Member of Parliament, Nebbi
- Preceded by: Anthony Ofwori Rugete
- Succeeded by: Esther Pacuto Odongo

Constituent Assembly Delegate, Nebbi

Woman Representative, Nebbi District

Personal details
- Born: Esther Opoti Dhugira 9 September 1962
- Died: 18 August 2001 (aged 39)
- Party: National Resistance Movement(NRM)
- Children: 2
- Education: Arua Public School Kitgum Public School Kitgum High School Dr.Obote College, Boroboro Onyama National Teachers College
- Alma mater: Makerere University
- Occupation: Politician Teacher

= Esther Opoti Dhugira =

Ugandan legislator and teacher (1962–2001)

Esther Opoti Dhugira (9 September 1962 – 18 August 2001) was a Ugandan legislator and woman Member of Parliament for Nebbi District in Uganda's 7th Parliament. In Uganda's Constituent Assembly between 1994 and 1995, she represented Okoro County in Nebbi. Dhugira alongside Winnie Byanyima and others was one of the founders of Forum for Women in Democracy (FOWODE).

== Background and education ==
According to her eulogy given by Loyce Bwambale at a parliamentary sitting in 2001, Dhugira was born to Onenoth Opoti Jalmoi, a District Education Officer and Vitali Opoti in Kituli town.

She attended a number of primary schools such as Arua Public School in 1969 and completed her primary education at Kitgum Public School. She proceeded to Kitgum High School, Dr. Obote College, and Boroboro in Lira, where she finished her O-level studies in 1983.

Dhugira obtained a Diploma in Education at Onyama National Teachers College in Gulu as well as Nkozi Teachers Training College in 1987.

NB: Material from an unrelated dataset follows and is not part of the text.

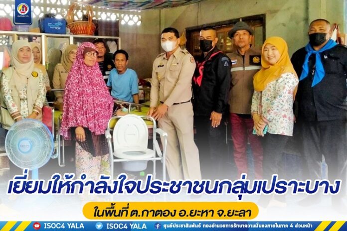 เมื่อวันที่ 10 ตุลาคม 2565 เวลา 10.30 น. ที่บ้านเลขที่ 51 หมู่ที่ 3 ตำบลกาตอง อำเภอยะหา จังหวัดยะลา หน่วยเฉพาะกิจกรมทหารพรานที่ 47 จัดกำลังพลของหน่วย ฯ ชุดปฏิบัติการเสริมสร้างความเข้าใจ ร่วมกับ ปลัดประจำตำบลกาตอง, ผู้นำท้องที่, ผู้นำท้องถิ่น และชุดบัณฑิตอาสาฯ ในพื้นที่ เดินทางเข้าพบปะเยี่ยมเยียน และให้กำลังใจ นาย นิแม วอเด็ง ซึ่งเป็นประชาชนกลุ่มเปราะบาง (ผู้ป่วยติดเตียง) ทั้งนี้ได้สอบถามความเป็นอยู่ในการดำเนินชีวิตประจำวัน และปัญหาข้อขัดข้องต่างๆ เพื่อร่วมกันหาวิธีแก้ไขในเบื้องต้น รวมทั้งได้มอบอุปกรณ์อำนวยความสะดวก (เครื่องสุขภัณฑ์) ให้กับประชาชนกลุ่มดังกล่าว เป็นการบรรเทาความเดือดร้อนในการดำเนินชีวิตประจำวัน และยังสร้างขวัญกำลังใจที่ดีแก่ผู้ป่วย และครอบครัวเป็นอย่างมาก

She later attended Makerere University where she graduated with a Bachelor of Social Sciences Degree, specialising in Political Science with a bias in Public Administration and Psychology.

== Career ==
In 1998, Dhugira was a teacher at Erusi Senior Secondary School in Nebbi and thereafter she joined the National Resistance Council (NRC) in 1989.

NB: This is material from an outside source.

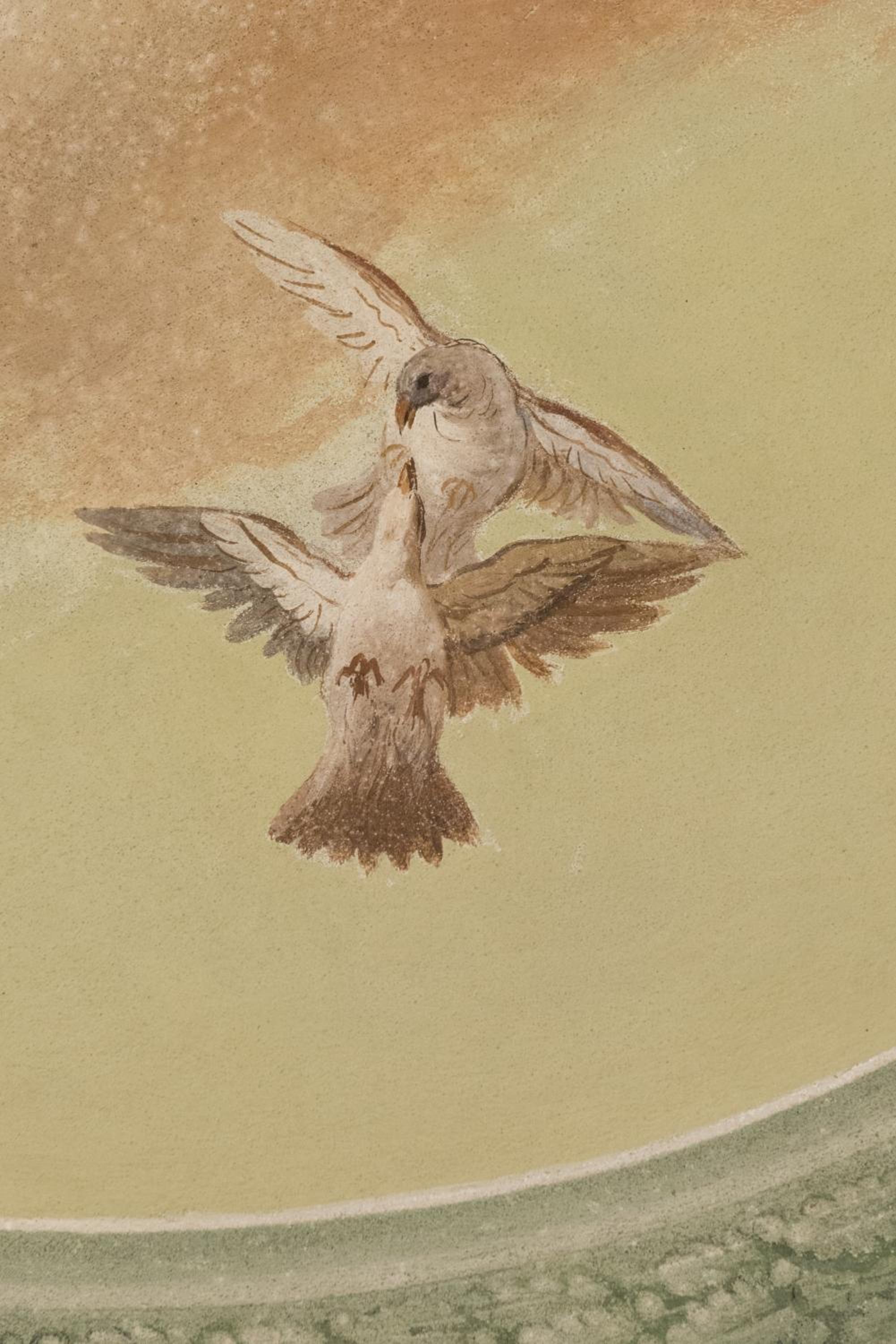 Très beau lustre au dessus du lit et belle mosaïque.

She was elected to the Board of Directors, Kinyara Sugar Works Limited in 1991 and was also a Director at Immigration Control Board, from 1994.She was also a Member of the Appointments Board at the Institute of Education, ITEK – Kyambogo.

During Uganda's 1994 Ugandan Constituent Assembly election, Dhugira was elected as the delegate to represent Okoro County in Nebbi.

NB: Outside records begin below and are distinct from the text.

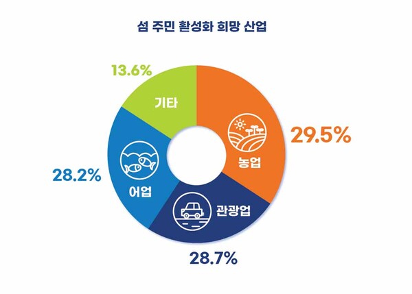 실제, 섬 주민에게 활성화 희망 산업을 물어본 결과, 전체 응답자의 29.5%가 ‘농업’이라고 답한 것으로 나타났다. 관광업(28.7%), 어업(28.2%)이 근소한 차이를 보였고 기타 산업에 대한 응답은 13.6%에 그쳤다.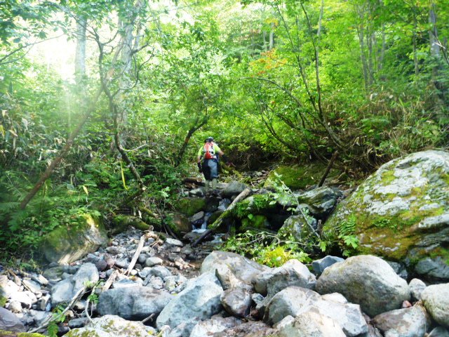 エイド2からエイド3までは28.5km。コース中で最も長い区間である。前半はロード、林道と比較的走りやすい道が続いたが、後半は状況が一変。コースは険しさを増し、最後には沢登りが待ち構えていた。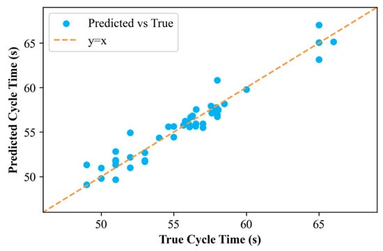As listed in Table 2, the model achieved an R2 value of 0.93, indicating that 93% of the variance in cycle time can be explained by the selected process parameters and their interactions. This high R2 value demonstrates the model’s strong alignment with the experimental data and its effectiveness in capturing the nonlinear relationships inherent in the injection molding process. The RMSE, a measure of prediction accuracy, was calculated as 1.05, reflecting the average deviation between the predicted and actual cycle times. This low error value suggests that the model provides precise and reliable estimates, which are critical for real-time process optimization. A visual comparison of predicted versus actual cycle time values, as illustrated in Figure 5, further corroborates the model’s performance. The data points are closely distributed along the diagonal line (y = x), with minimal outliers, indicating a high degree of consistency between predictions and experimental observations.

She unsuccessfully contested parliamentary election against the late Anthony Ofwori Rugete in 1996 . She contested again in the 2001 general elections and was the Woman Representative for Nebbi in Uganda's 7th Parliament till her death the same year. She was replaced by Betty Odongo Pacuto.

In 1995, alongside Winnie Byanyima, Solome Mukisa, Betty Akech, Loyce Bwambale, Tezira Jamwa, Margaret Zziwa, Benigna Mukiibi and Margaret Ssebagereka, Dhugira co-founded FOWODE.

== Personal life ==
On 18 August 2001, Dhugira died at Mulago Hospital, where she had been admitted for three weeks with chronic ulcers. She was survived by two daughters.